___ Provided data

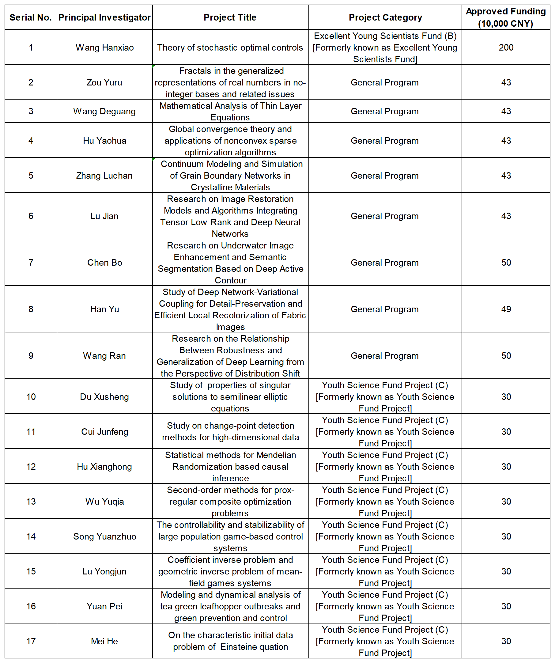 Recently, the National Natural Science Foundation of China (NSFC) announced the first batch of funding results for the year 2025. The School of Mathematics at Shenzhen University achieved a historic breakthrough in its application efforts. According to statistics, the School submitted 56 projects in the first batch of centralized applications this year, with 17 projects approved (exceeding the previous historical high of 11 projects set in 2017). The approval rate reached 30.36%, with total funding amounting to 8.04 million yuan. The approved projects include: 1 Excellent Young Scientist Fund (Category B), 8 General Program projects, and 8 Youth Science Fund (Category C) projects. Compared with previous years, the School has demonstrated sustained and steady growth in NSFC project applications: the average annual number of approved projects over the past three years was 9. In 2025, the number of approved projects surged to 17, surpassing the average of recent years and setting a new historical record. Notably, the approval rate for 2025 rose to 30.36%, a significant increase from 12.96% in 2024. This achievement reflects the School’s continuous optimization in project quality control and application organization. Moreover, the School has secured the National Natural Science Foundation Youth Program (Category B) for four consecutive years, highlighting its strong potential in supporting young scientific researchers and sustainable development.
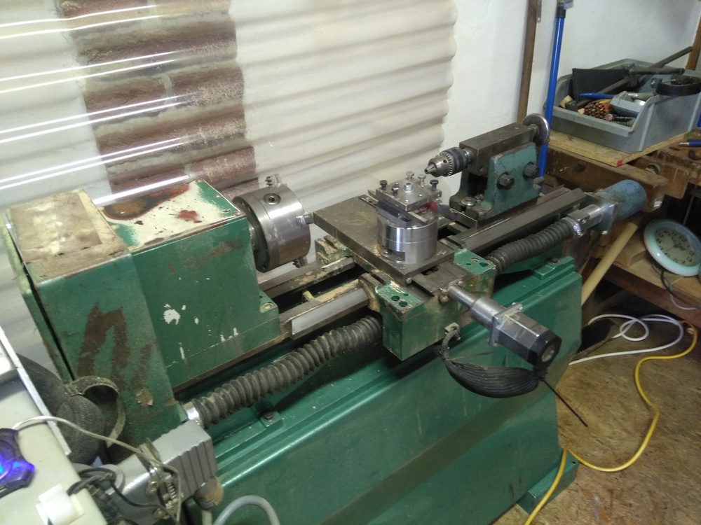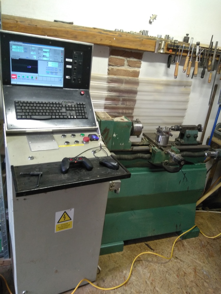 Tyto mašiny mám v dílně čtyři. Jedná se původně o výrobek firmy Sahos SH550 CNC - jako základ byl použit zmiňovaný výrobek Kovosvitu - ale hodně vykuchaný (pryč posuvy, upravený support, celkově očesaný) a upravený jako soustruh na dřevo. Vybavení: 2F krokové motory od MIcroconu - na ose Z 1,6NM a na ose X 2(3)NM - koncepčně dost staré. Na ose X bude asi kuličkový šroub, ale stejně tak i trapézák, jako na ose Z - což znamená problémy - vydírají se jak šrouby, tak matice (mohl bych vykládat ....) Koník na tom není původní, je to nějaký bastl.
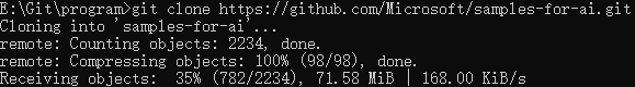 使用git将GitHub上的一个资源(https://github.com/Microsoft/samples-for-ai)克隆到本地,具体操作如下:
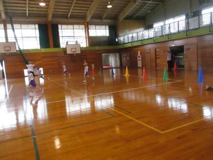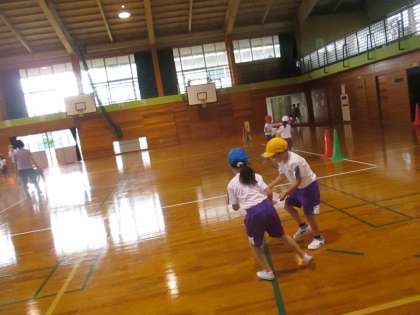 体育の学習で、いろいろな動きを取り入れた運動遊びをしました。新聞を体の前面から落とさないように走ったり、ペアになって新聞の上に置いたボールを落とさないように走ったりしました。
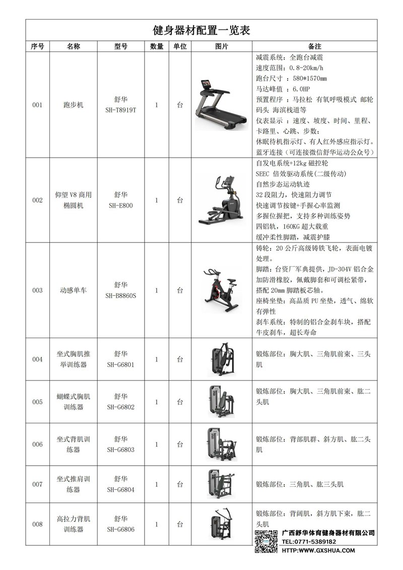 1.leyu.乐鱼V9+智能跑步机SH-T8919T*5台-V9+采用全跑台减震设计,为跑者提供舒适的落脚地感和稳定的跑步支撑,良好的缓冲防护,降低膝关节受伤风险。商用大跑台,为跑者提供从容奔跑空间,180kg承载力,580*1570纯跑台面积,满足专业健身需求。V9+采用F级商用马达,6HP峰值马力,20km/h最高速度,提供源源不断的动力。V9+内置健身直播软件,每周提供直播课程,内含大量专业线上健身点播课程,可为健身房不同人群提供多样化健身课程服务。V9+搭载全新跑步姿态分析系统,提供五大步态数据,为跑者提供综合评估及训练建议,帮助跑者调整优化跑姿,让运动更科学高效。3D竞赛软件,画面如同VR游戏效果,提供训练及竞赛模式,线上竞赛模式,可联动不同单位及公司,不同健身房之间健身爱好者,打造职工健身文化,促进交流。
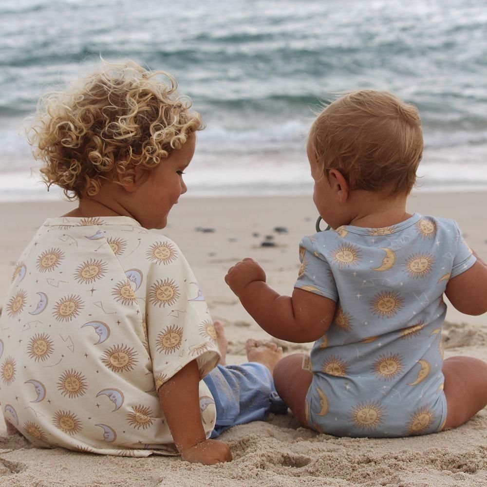 双子は生後10週間でサイズ0-3Mを、砂浜にいる子は1歳で12-18Mサイズを着用しています。
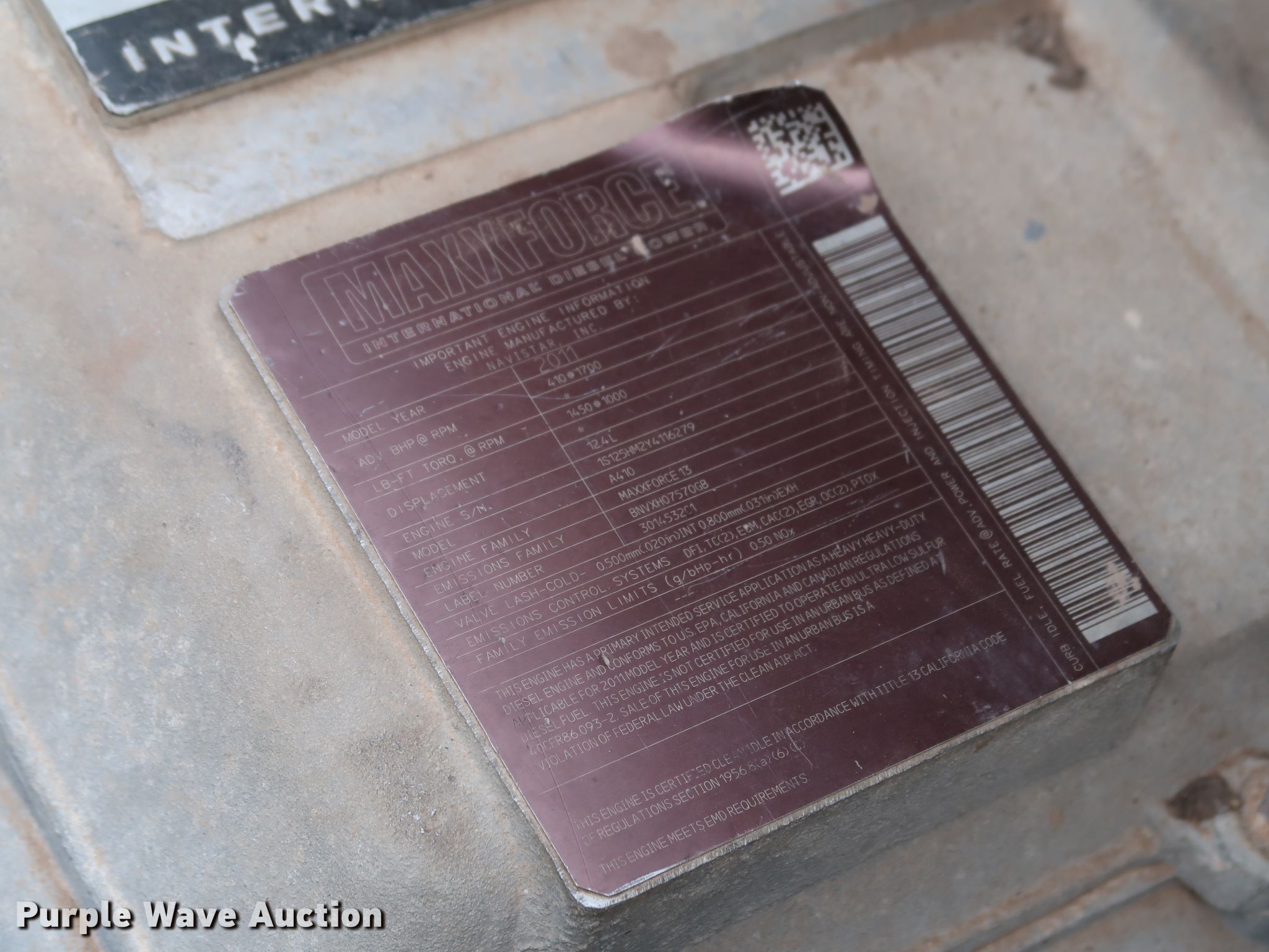 2012 International TranStar 8600 semi truck. Miles: 325,827 on odometer, Hours: 7,994 on meter, VIN: 1HSHXSJR2CJ597942, Unit #: HT7942. Engine International MaxxForce 13, Serial: 1S125HM2Y4116279, Displacement: 13.0L, Cylinders: 6, Fuel type: Diesel, HP: 410. Transmission Eaton Fuller, Manual, Speed: 10. Chassis Axles: Tandem, Differential lock: Inter-axle, Suspension: Air, Brakes: Air, GVWR: 52,000 lbs FAWR: 12,000 lbs, IAWR: 20,000 lbs, RAWR: 20,000 lbs, Wheelbase: 168". Interior AC, Heat, Cruise control, Air ride cab. Features Deck plate: Aluminum, Fifth wheel type: Air operated, Sliding, Fuel tank: Dual. Tires Size: 295/75R22.5. Notes Dash warning indicator: Check engine, ABS, Traction Control. Oklahoma title. Title distribution may be delayed up to 30 days from verification of funds. B & H Construction, LLC. 301 James Dean Dr. Norman, OK 73072
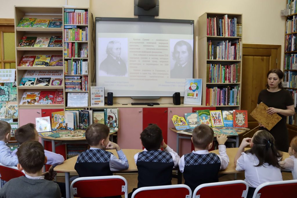 Используя слайд-презентацию и демонстрируя книги, библиотекарь рассказала школьникам, что Якоб и Вильгельм Гримм собирали и исследовали немецкий фольклор, бережно обрабатывали народные сказки, сохраняя их мудрость и обаяние.

______

An exact copy of the lines above, from the first through the line that holds "体育の学習で、いろいろな動き", is what is needed; leave the pictures out.

▶ Reply
 Recently, the National Natural Science Foundation of China (NSFC) announced the first batch of funding results for the year 2025. The School of Mathematics at Shenzhen University achieved a historic breakthrough in its application efforts. According to statistics, the School submitted 56 projects in the first batch of centralized applications this year, with 17 projects approved (exceeding the previous historical high of 11 projects set in 2017). The approval rate reached 30.36%, with total funding amounting to 8.04 million yuan. The approved projects include: 1 Excellent Young Scientist Fund (Category B), 8 General Program projects, and 8 Youth Science Fund (Category C) projects. Compared with previous years, the School has demonstrated sustained and steady growth in NSFC project applications: the average annual number of approved projects over the past three years was 9. In 2025, the number of approved projects surged to 17, surpassing the average of recent years and setting a new historical record. Notably, the approval rate for 2025 rose to 30.36%, a significant increase from 12.96% in 2024. This achievement reflects the School’s continuous optimization in project quality control and application organization. Moreover, the School has secured the National Natural Science Foundation Youth Program (Category B) for four consecutive years, highlighting its strong potential in supporting young scientific researchers and sustainable development.
 Tyto mašiny mám v dílně čtyři. Jedná se původně o výrobek firmy Sahos SH550 CNC - jako základ byl použit zmiňovaný výrobek Kovosvitu - ale hodně vykuchaný (pryč posuvy, upravený support, celkově očesaný) a upravený jako soustruh na dřevo. Vybavení: 2F krokové motory od MIcroconu - na ose Z 1,6NM a na ose X 2(3)NM - koncepčně dost staré. Na ose X bude asi kuličkový šroub, ale stejně tak i trapézák, jako na ose Z - což znamená problémy - vydírají se jak šrouby, tak matice (mohl bych vykládat ....) Koník na tom není původní, je to nějaký bastl.
 使用git将GitHub上的一个资源(https://github.com/Microsoft/samples-for-ai)克隆到本地,具体操作如下:
 体育の学習で、いろいろな動きを取り入れた運動遊びをしました。新聞を体の前面から落とさないように走ったり、ペアになって新聞の上に置いたボールを落とさないように走ったりしました。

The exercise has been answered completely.